[What the task requires]: An exact copy of all the lines below is required, with every image left out.

[Exercise data]:
'''

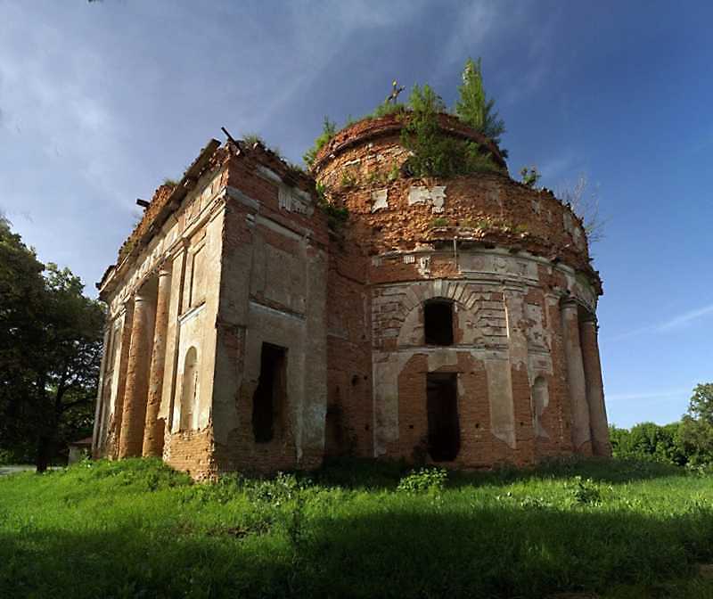 РОЖДЕСТВЕНСКАЯ ЦЕРКОВЬ, 1801-1807 гг. Сооружение кирпичное, оштукатуренное, круглое в плане, с небольшой прямоугольной апсидой и западным притвором, одноглавое. С юга, запада и севера входы оформлены дорическими портиками. Верхнюю часть стен опоясывает классический лепной фриз с гирляндами и урнами. Таким же фризом украшен и верх барабана. В основной зал ведут семь обрамленных ионическими колоннами входов, перекрытых арками. [Памятники градостроительства и архитектуры УССР. – К.: Будівельник, 1985 г., т. 3, с. 296]
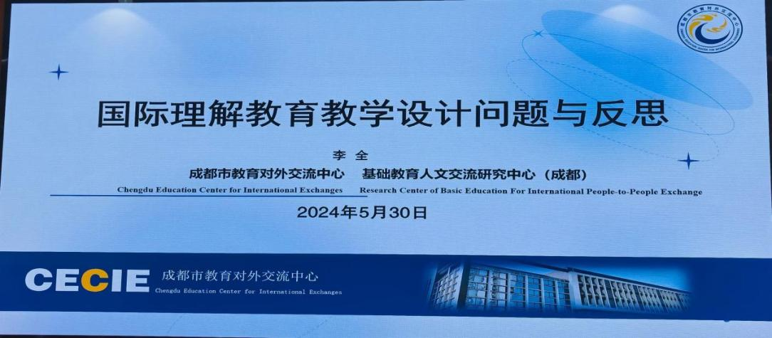 接着,陈幸老师分享了上周在双流艺体中心举行的“成都市双流区2024年春季国际理解教育学科研培活动”的要点。四川省双流艺体中学的王玥琪老师和成都棠湖外国语学校的胡小兰老师分别展示了思政学科渗透课和国际理解教育专项课的课例,展示了学科融合在国际理解教育实践中的运用。成都市教育科学研究院的雷沛瑶博士在“国际理解教育课堂设计与教学实施”专题讲座中,特别强调了成都市中小学国际理解教育优质课的评选标准,包括教学目标的清晰性、可操作性和可评价性,以及教学内容与学校育人目标的一致性。教学过程应基于学生的真实生活情境,促进师生间的平等对话和反思交流,培养学生对不同文化的理解、包容和共情能力,以及应对全球议题的能力。同时,教师应具备创新精神,鼓励学生提出创新性的问题解决方案或创造新产品。成都市对外交流中心的李全书记对本年度的国际理解典型教学设计案例进行了深入解析,并为教师的教学设计提供了宝贵建议。
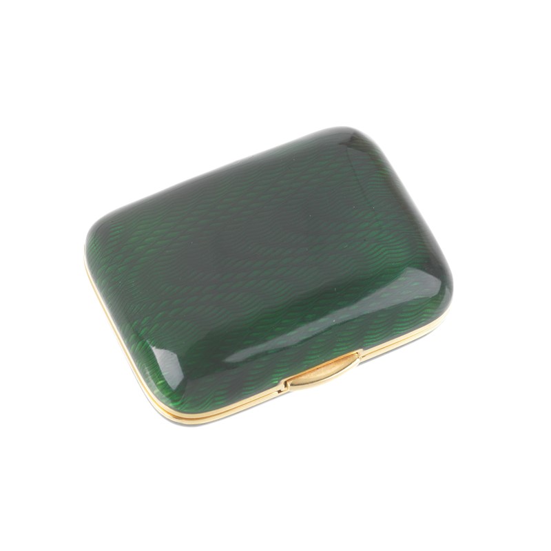 in oro giallo 18kt e rivestito in smalto verde, punzoni 750 e del fabbrcante, dim. cm 2,5x3,5x1 circa, gr. 42

'''

[Finished exercise]:
 РОЖДЕСТВЕНСКАЯ ЦЕРКОВЬ, 1801-1807 гг. Сооружение кирпичное, оштукатуренное, круглое в плане, с небольшой прямоугольной апсидой и западным притвором, одноглавое. С юга, запада и севера входы оформлены дорическими портиками. Верхнюю часть стен опоясывает классический лепной фриз с гирляндами и урнами. Таким же фризом украшен и верх барабана. В основной зал ведут семь обрамленных ионическими колоннами входов, перекрытых арками. [Памятники градостроительства и архитектуры УССР. – К.: Будівельник, 1985 г., т. 3, с. 296]
 接着,陈幸老师分享了上周在双流艺体中心举行的“成都市双流区2024年春季国际理解教育学科研培活动”的要点。四川省双流艺体中学的王玥琪老师和成都棠湖外国语学校的胡小兰老师分别展示了思政学科渗透课和国际理解教育专项课的课例,展示了学科融合在国际理解教育实践中的运用。成都市教育科学研究院的雷沛瑶博士在“国际理解教育课堂设计与教学实施”专题讲座中,特别强调了成都市中小学国际理解教育优质课的评选标准,包括教学目标的清晰性、可操作性和可评价性,以及教学内容与学校育人目标的一致性。教学过程应基于学生的真实生活情境,促进师生间的平等对话和反思交流,培养学生对不同文化的理解、包容和共情能力,以及应对全球议题的能力。同时,教师应具备创新精神,鼓励学生提出创新性的问题解决方案或创造新产品。成都市对外交流中心的李全书记对本年度的国际理解典型教学设计案例进行了深入解析,并为教师的教学设计提供了宝贵建议。
 in oro giallo 18kt e rivestito in smalto verde, punzoni 750 e del fabbrcante, dim. cm 2,5x3,5x1 circa, gr. 42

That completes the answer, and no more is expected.